• [TASK ITEM]
Pictures excluded, copy word for word the lines from the one holding "Teknisi melakukan perawatan" through the last line below.
(DATA TO EXAMINE)
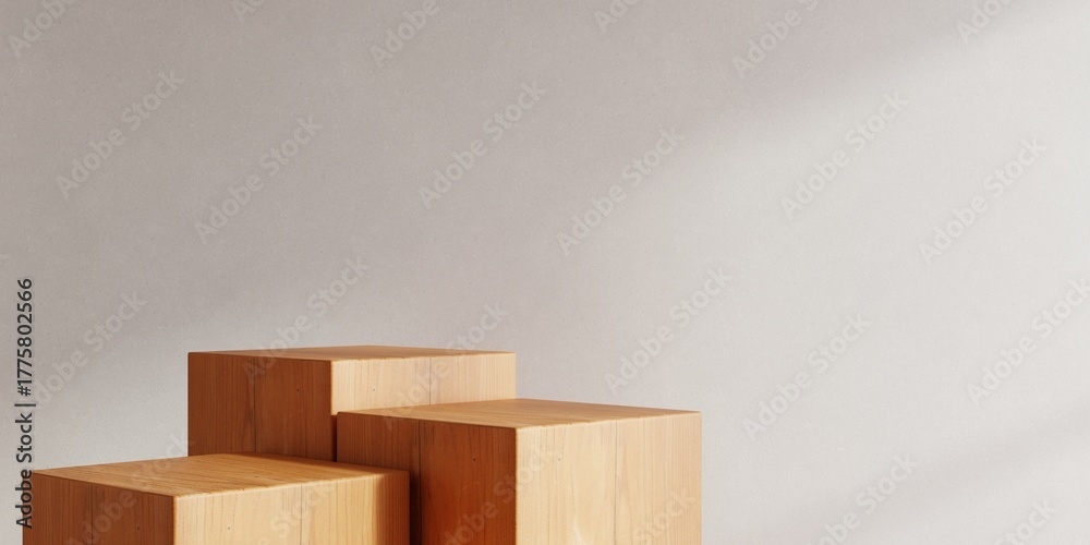 Fotografie Minimal design scene with wooden cube podiums arranged in steps on a neutral bac
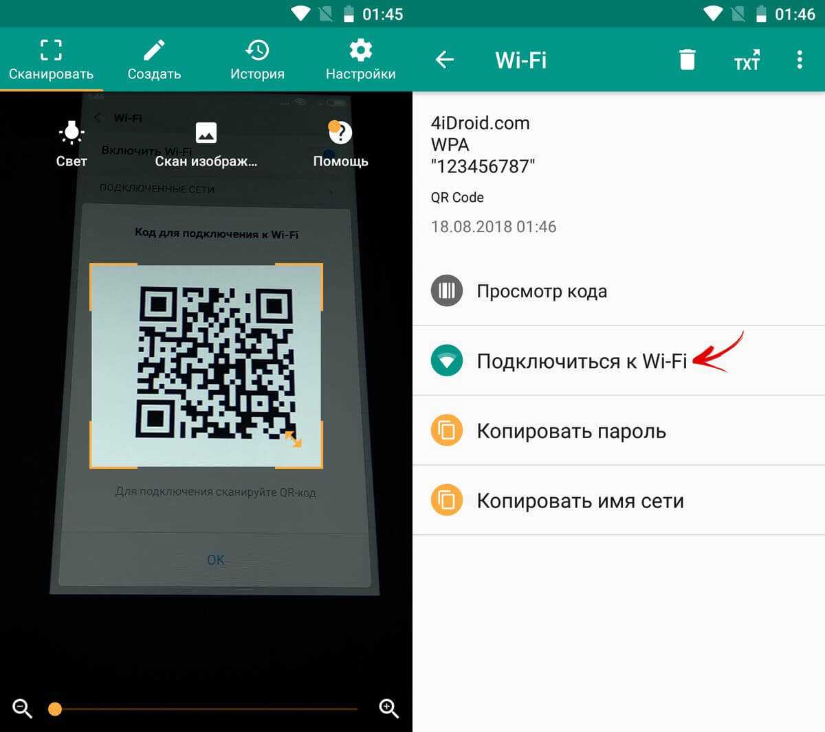 Его нужно отсканировать на другом телефоне и согласиться на подключение к беспроводной сети.
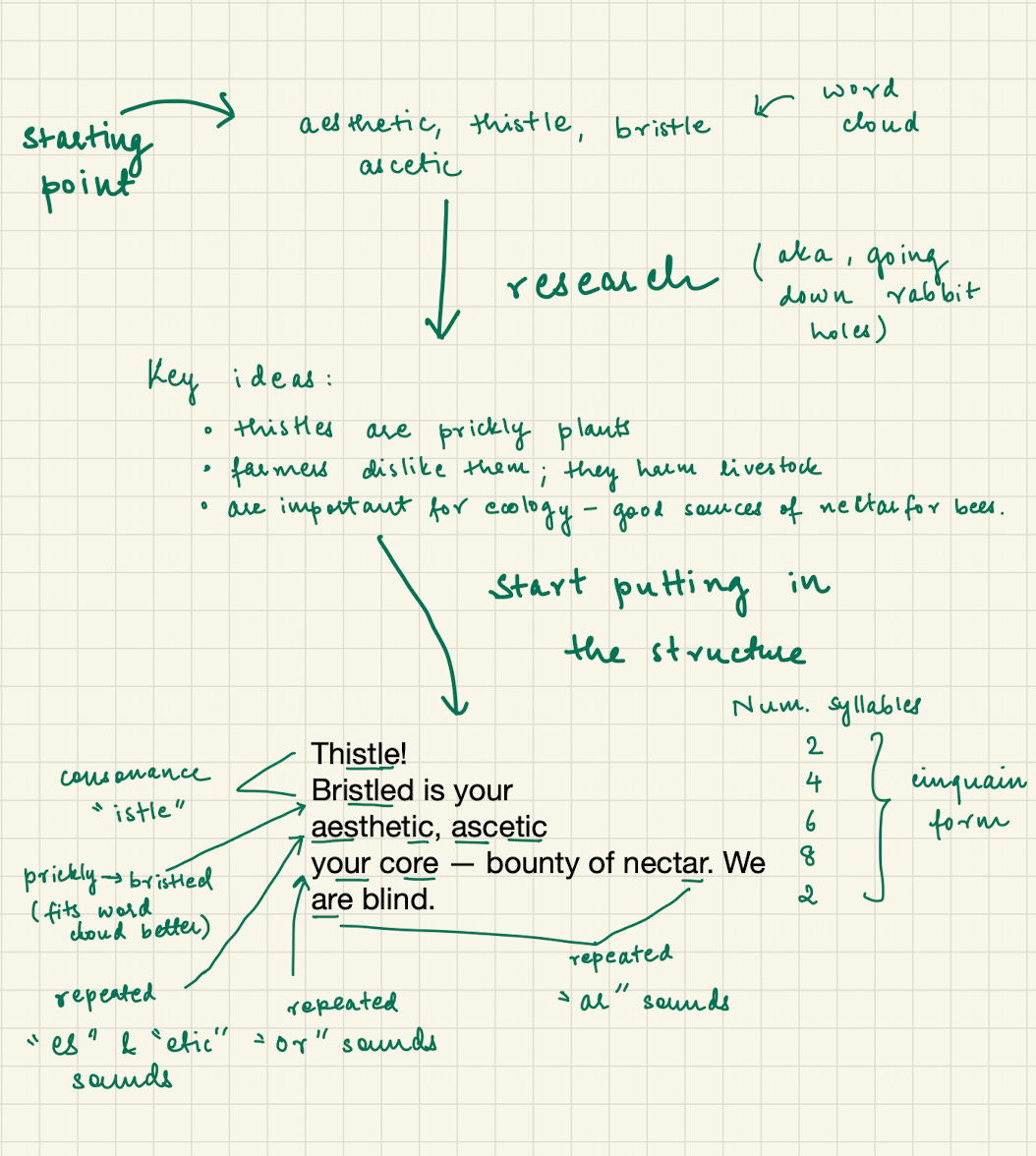 Starting from the word “aesthetic”, I began writing a word cloud. This is a technique I learnt from a poetry writing course I took a few years ago, where you let your mind form word connections based on sounds (more general than rhyming). Once there are enough words on the page, you may start to, then, also see connections in the concepts represented by those words, which may inspire ideas. I started with just two words: aesthetic and thistle, and kept coming back to add to it, as more ideas occurred to me in the next steps.
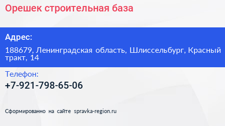 Орешек, строительная база по адресу 188679, Ленинградская область, Шлиссельбург, Красный тракт, 14 в дальнейшем Организация, размещена в следующих категориях:
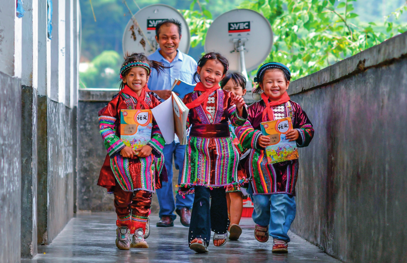 在贵州省黔东南苗族侗族自治州从江县西山镇的中寨教学点,学生们在下课后走出教室(2024年9月6日摄)杨文斌摄 / 本刊
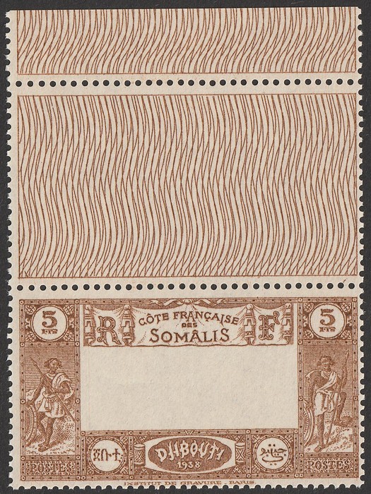 Pictorial 5Fr red-brown & brown, error red-brown centre OMITTED. VF fresh MNH, top marginal with full stamp size tab. SG 275a cat £700 for M, should be at least double, £1400 MNH. Yv 167a cat €930+. Probably only 1 sheet existed with
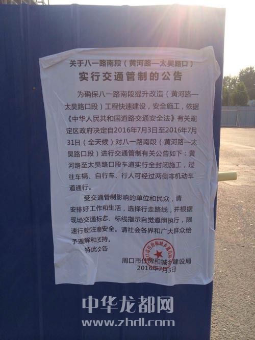 ????當(dāng)日下午,周口晚報記者在八一大道南段看到,原火車站鐵道口至太昊路路段的雙向機動車道已全線封閉,“過往車輛請繞行”的交通警示牌也已豎立在路口,幾輛施工車輛正在現(xiàn)場緊張忙碌地備料、開挖路面。
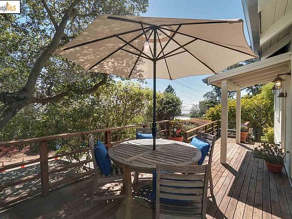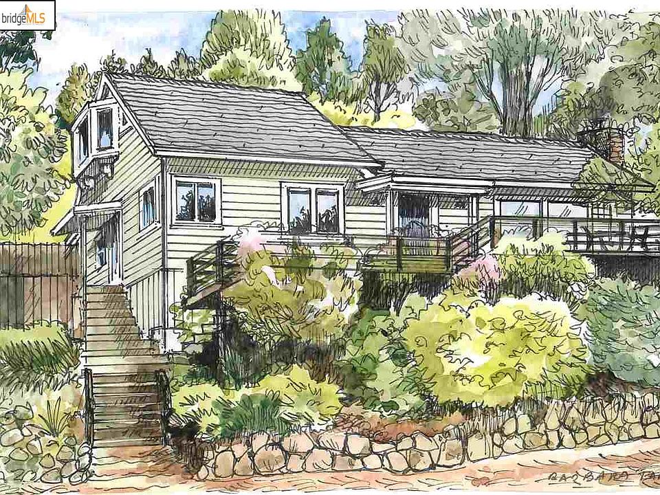 Up the steps over the Japanese footbridge, next to the flowering Magnolia, sits this pretty 1951, 3 BD, 1.5 BA Berkeley Hills cottage. Enter into the open living room and see the handsome vaulted wood ceiling. Sliding glass doors open onto a front deck that looks out past trees, city and the Bay. Random plank Oak floors through the living/dining/kitchen. Upstairs the warm exposed wood A frame surrounds the Bay Windows with built-in view-seat and half-bath. The ground level has two bedrooms with bamboo flooring and a bathroom with stone & original tile. Open the back glass doors onto the large sun-drenched garden, and see the wooden hot tub & outdoor shower and gentle upslope and terraced yard. A detached office / creative space with electricity, bamboo floors, windows and sliding glass doors. New roof & other upgrades. House also comes w/2 sets of architectural plans. Equidistant to UCB, shops & Tilden. Hang your hat in this lovely gem.
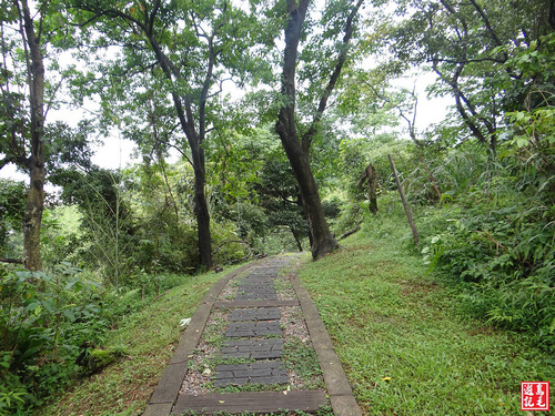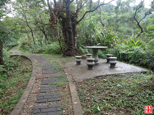 步道隨著山稜蜿蜒起伏,綠意盎然,樹上鳥叫蟬鳴,步道沿途也設有石桌椅可供休息。
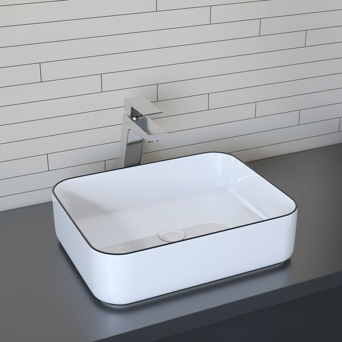This unique above-the-counter ceramic art basin is a piece of art that will transform your bathroom and will quickly become the center of attraction. The basin has a glossy white&black outling that combines design and practicality very well.Recommended for all contemporary bathrooms.
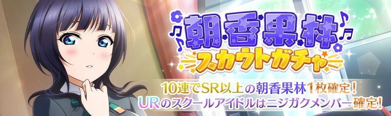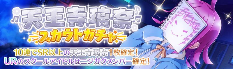| 情報 | ①10回ガチャで璃奈のSR以上が1枚確定 ②URはニジガクメンバーのみ ③シャイニークオーツは今後の他ニジガクメンバーのスカウトガチャと合算できる |
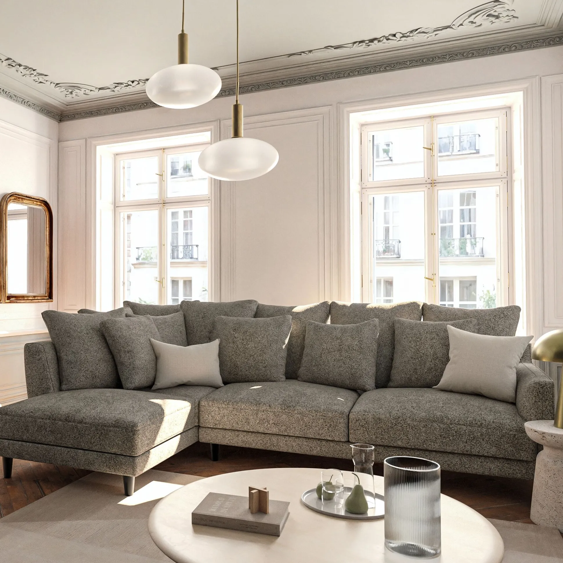 Majestueux et raffiné, le canapé d’angle Lenita avec angle à gauche incarne l’élégance du style Second Empire avec une touche contemporaine. Fabriqué à la main en Italie, dans la région de Farra di Soligo, il témoigne d’un savoir-faire traditionnel d’exception. Son tissu genesis dans notre coloris beige alpilles, doux et intemporel, s’harmonise avec tous les intérieurs, tandis que ses lignes généreuses et ses coussins moelleux invitent à la détente. Avec son assise profonde et son rembourrage en plumes d’oie, ce grand canapé fixe offre un confort exceptionnel pour accueillir famille et amis. Sa structure robuste en bois renforcé de sapin massif, issu de forêts certifiées FSC®, garantit une grande longévité. Entièrement déhoussable, il se nettoie facilement. Un canapé 5 places qui conjugue élégance, confort et durabilité, et qui deviendra sans conteste la pièce maîtresse du séjour.
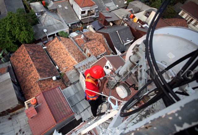 Teknisi melakukan perawatan pemancar Base Transceiver Station (BTS) 4G milik PT Telkomsel di Jakarta, Rabu (28/10/205). Telkomsel terus menambah cakupan dan meningkatkan kualitas jaringan 4G LTE di Indonesia.
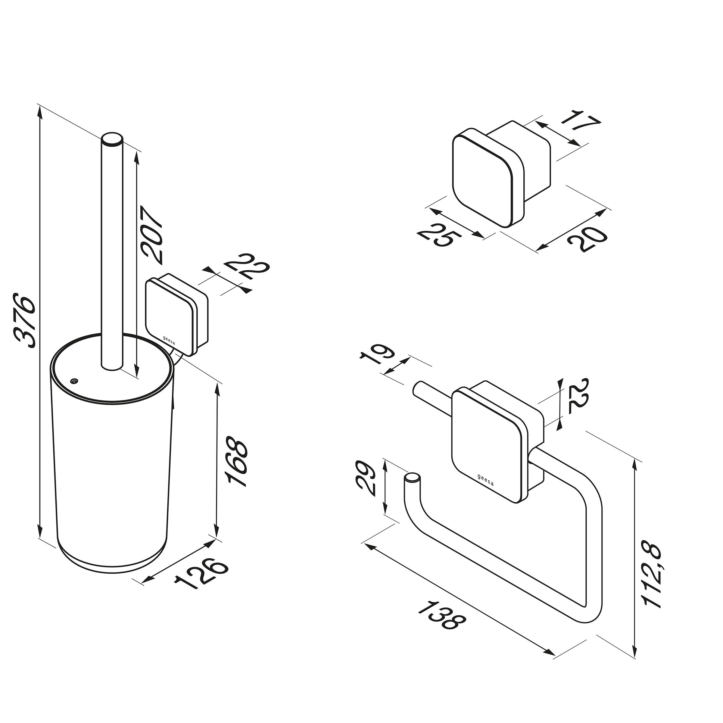 Closetaccessoireset Topaz chroom (rolhouder/borstelgarnituur/haak) Geesa
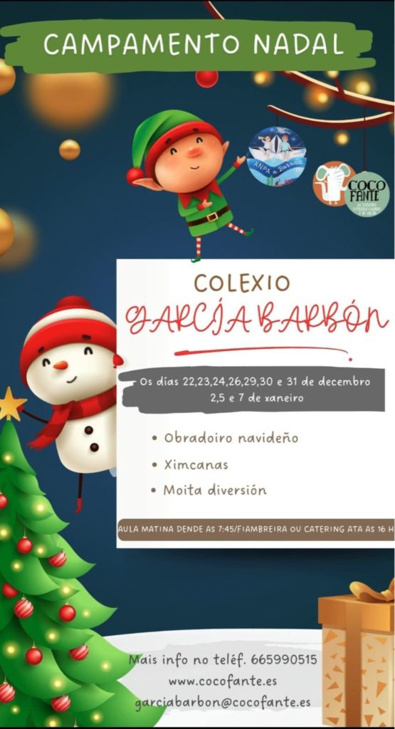 Informámosvos de que xa están abertas as inscricións para o Campamento de Nadal no CEIP García Barbón, organizado por Cocofante en colaboración coa ANPA A Barxa.
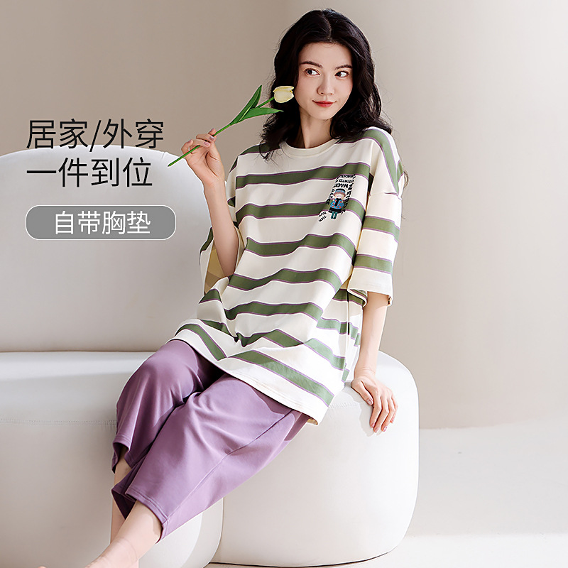 胸パッド付きの女性用純綿パジャマ、半袖ズボン、2025年夏の新しい薄い夏のホームウェアセット、屋外で着用可能
(End DATA TO EXAMINE)
• [EXERCISE RESULT]
 Teknisi melakukan perawatan pemancar Base Transceiver Station (BTS) 4G milik PT Telkomsel di Jakarta, Rabu (28/10/205). Telkomsel terus menambah cakupan dan meningkatkan kualitas jaringan 4G LTE di Indonesia.
 Closetaccessoireset Topaz chroom (rolhouder/borstelgarnituur/haak) Geesa
 Informámosvos de que xa están abertas as inscricións para o Campamento de Nadal no CEIP García Barbón, organizado por Cocofante en colaboración coa ANPA A Barxa.
 胸パッド付きの女性用純綿パジャマ、半袖ズボン、2025年夏の新しい薄い夏のホームウェアセット、屋外で着用可能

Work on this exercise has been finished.